> **BRIEF**
Each record that follows goes into your reply unchanged; the pictures do not.

Collection entries
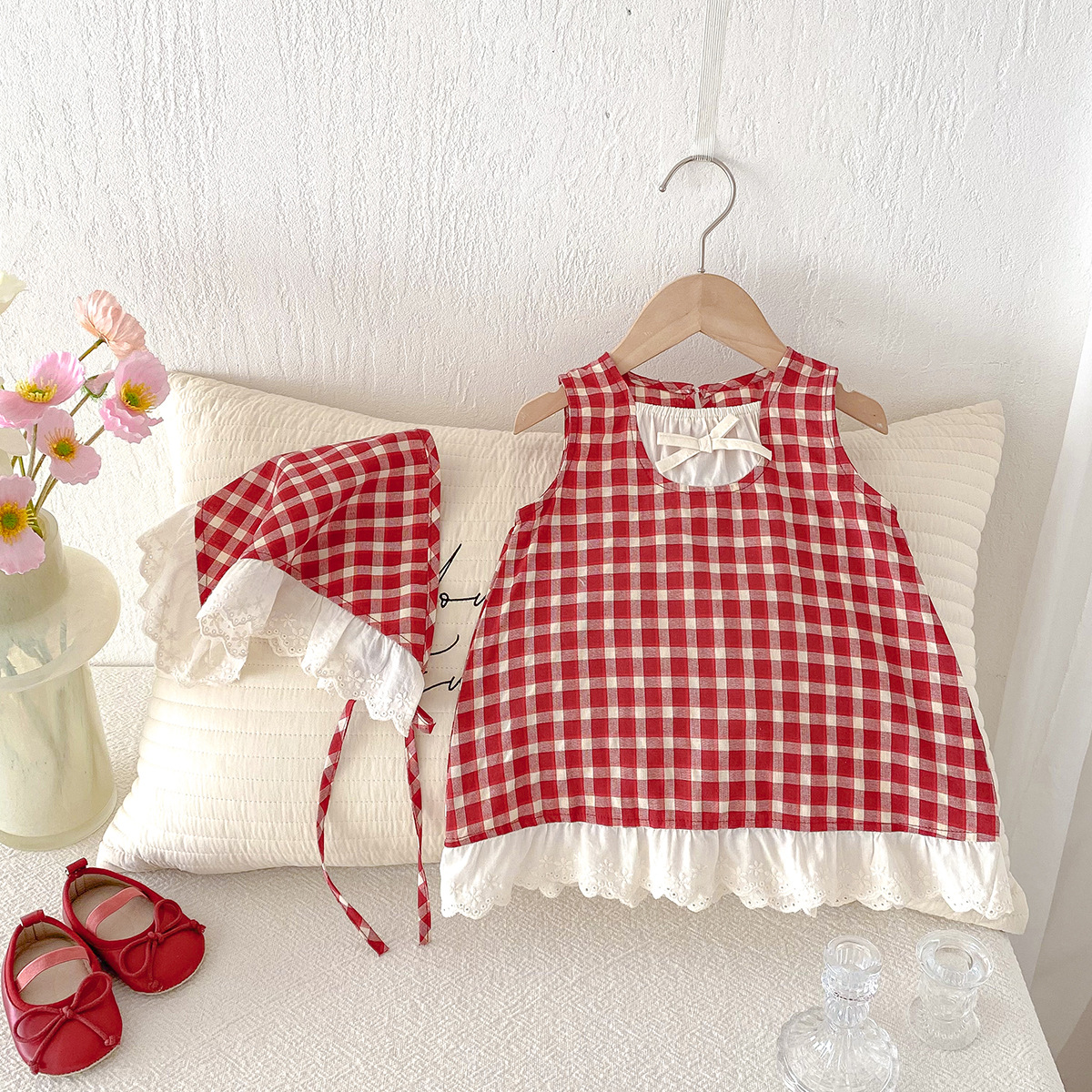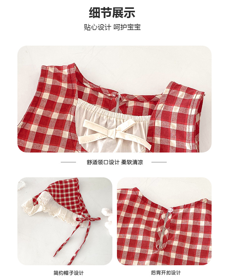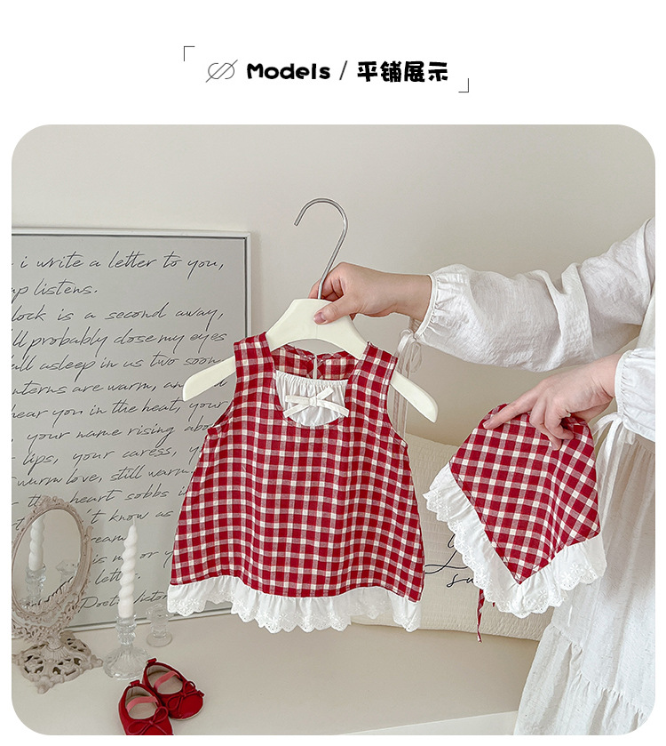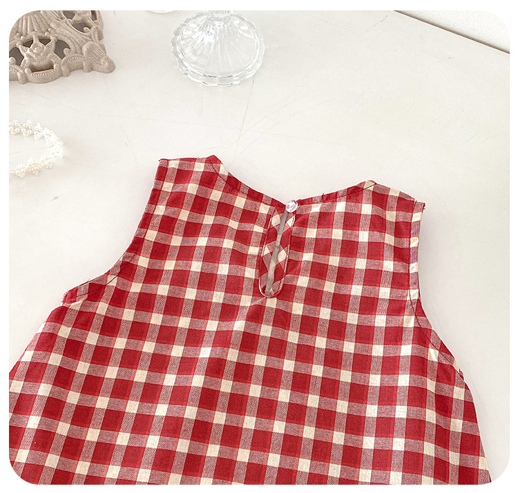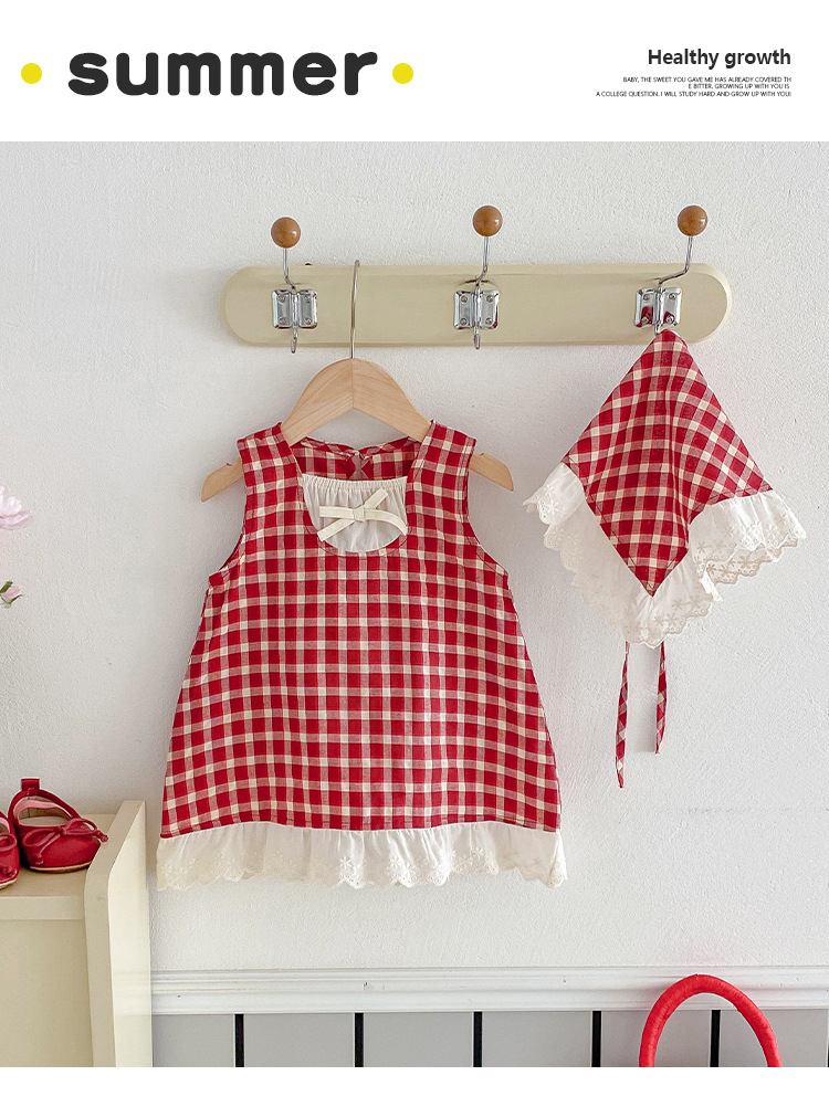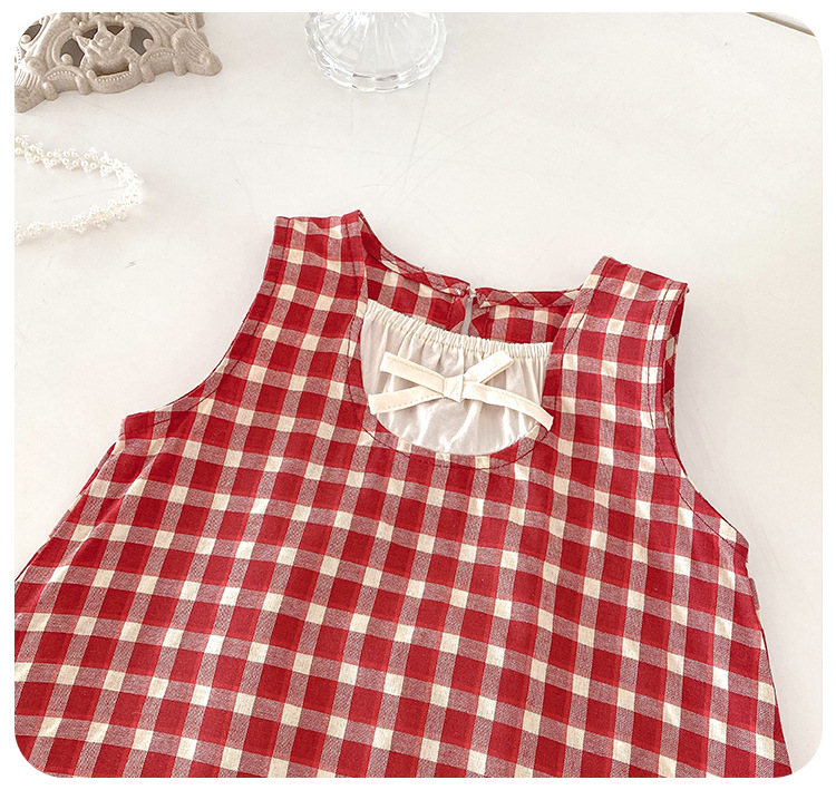 아기 소녀의 여름 원피스 2025 새로운 어린 소녀의 Vise 원피스 아기의 여름 서양식 빨간 격자 무늬 원피스스토어 가기
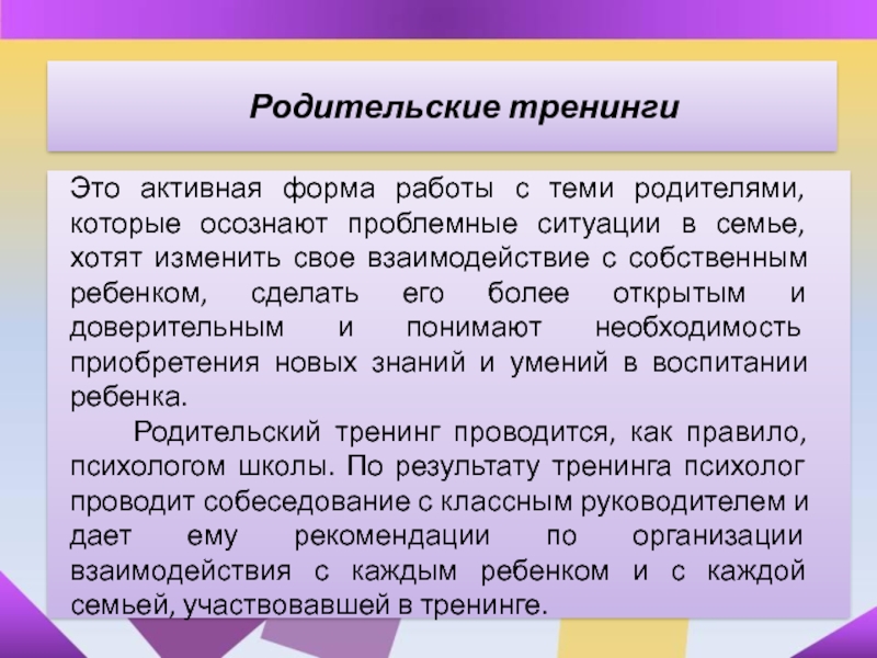 Родительский тренинг проводится, как правило, психологом школы. По результату тренинга психолог проводит собеседование с классным руководителем и дает ему рекомендации по организации взаимодействия с каждым ребенком и с каждой семьей, участвовавшей в тренинге.
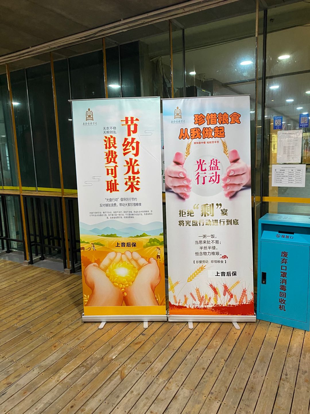 二是开展厉行节约,反对浪费,光盘行动的宣传活动,在食堂入口处树立易拉宝、醒目处张贴宣传标语等,营造舆论氛围;
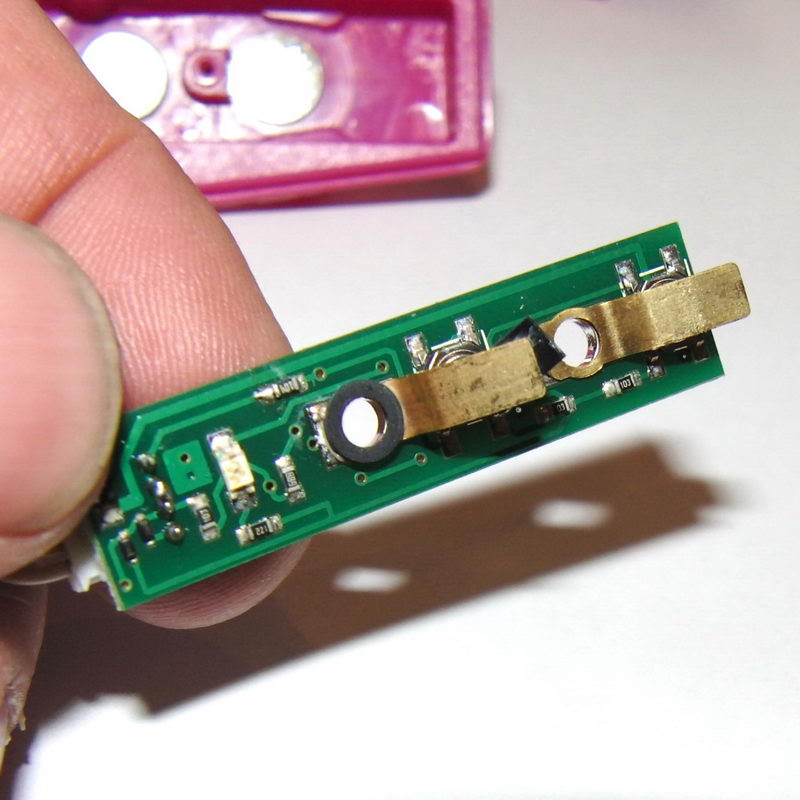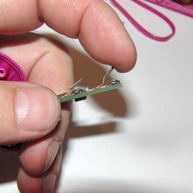Vyjmul jsem plošný spoj a závada byla okamžitě identifikována. Pružné kontakty mají vespodu nalepenou pryžovou podložku, která dosedá na mikrospínač. Na spouštěcím kontaktu se ale gumička odlepila a posunula. Tím se muselo tlačítko mačkat až o 0,5mm hlouběji, ale to už zase nedovolovala hrana plastu. proto to nešlo zapnout.
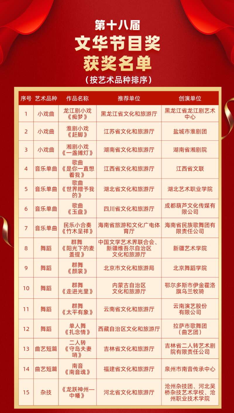 中国艺术节是广大人民群众共享的艺术盛会,文华奖是我国舞台艺术领域的政府最高奖,每三年评选一次,代表着中国舞台艺术发展的最高成就,激励优秀舞台艺术作品创作、推动艺术人才成长。

> **RESPONSE BOX**
 아기 소녀의 여름 원피스 2025 새로운 어린 소녀의 Vise 원피스 아기의 여름 서양식 빨간 격자 무늬 원피스스토어 가기
 Родительский тренинг проводится, как правило, психологом школы. По результату тренинга психолог проводит собеседование с классным руководителем и дает ему рекомендации по организации взаимодействия с каждым ребенком и с каждой семьей, участвовавшей в тренинге.
 二是开展厉行节约,反对浪费,光盘行动的宣传活动,在食堂入口处树立易拉宝、醒目处张贴宣传标语等,营造舆论氛围;
Vyjmul jsem plošný spoj a závada byla okamžitě identifikována. Pružné kontakty mají vespodu nalepenou pryžovou podložku, která dosedá na mikrospínač. Na spouštěcím kontaktu se ale gumička odlepila a posunula. Tím se muselo tlačítko mačkat až o 0,5mm hlouběji, ale to už zase nedovolovala hrana plastu. proto to nešlo zapnout.
 中国艺术节是广大人民群众共享的艺术盛会,文华奖是我国舞台艺术领域的政府最高奖,每三年评选一次,代表着中国舞台艺术发展的最高成就,激励优秀舞台艺术作品创作、推动艺术人才成长。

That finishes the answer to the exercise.